"Ma foi! So it's that, is it? Then I've heard something about you. I know the Manager pretty well. He said you were un peu bizarre."
"Peut être plus qu'un peu," Arithelli retorted quickly. "I see you think he's right."
Arrived at the lodgings she sat still, waiting in the cab with the same apparent indifference while Emile wrangled with the landlady. At length he came back to her: "You had better try these for a week," he said. "They're forty pesetas. She will want the rent in advance as you have no recommendation." For the first time Arithelli seemed disturbed.
"I'm afraid I can't pay it. I'm to have five pounds a week at the Hippodrome, but of course I can't ask for that in advance. I had a second-class ticket out here, and now I've only got four-and-sixpence left."
She held out a small blue satin bag, displaying a few coins. "Perhaps I'd better go and explain to the Manager." Emile shrugged his shoulders. Obviously the girl was very young.
"On the whole I think you'd better not," he said. "You know nothing about either myself or the Manager, and it seems you've got to trust one of us so it may as well be me."
When he had arranged matters he departed, saying casually, "I'll come in again to-night about nine o'clock to see how you are getting on. Don't do anything insane, such as wandering about the streets, because you feel dull. It won't hurt you to put up with the dulness for a bit.

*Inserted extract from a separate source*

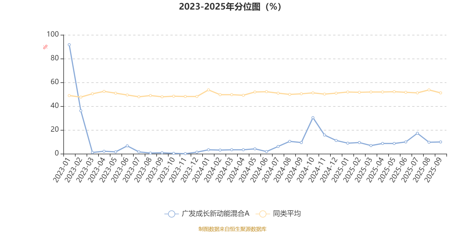 通过所选区间该基金净值增长率分位图,可以观察该基金与同类基金业绩比较情况。图为坐标原点到区间内某时点的净值增长率在同类基金中的分位数。

You'll have plenty of excitement if you're going to live in Barcelona."
"Tiens!" said Arithelli to herself. "What manners and what dirty nails! C'est un homme épouvantable, but very useful. But for him I should have been prancing round this place all night, looking for rooms."
She dragged her trunk towards her, and proceeded to unpack the collection of gaudy dresses that she had bought with so much pride at the Bon Marché in Paris, and which were all in the worst possible taste.
Perhaps she had been impelled to a choice of lively colours as being symbolical in their brightness of the new life on which she was about to embark. There was a green cloth rendered still more hideous by being inlet with medallions of pink silk, a cornflower blue with much silver braid already becoming tarnished in the few times it had been worn, and a mauve and orange adorned with flamboyant Eastern embroidery.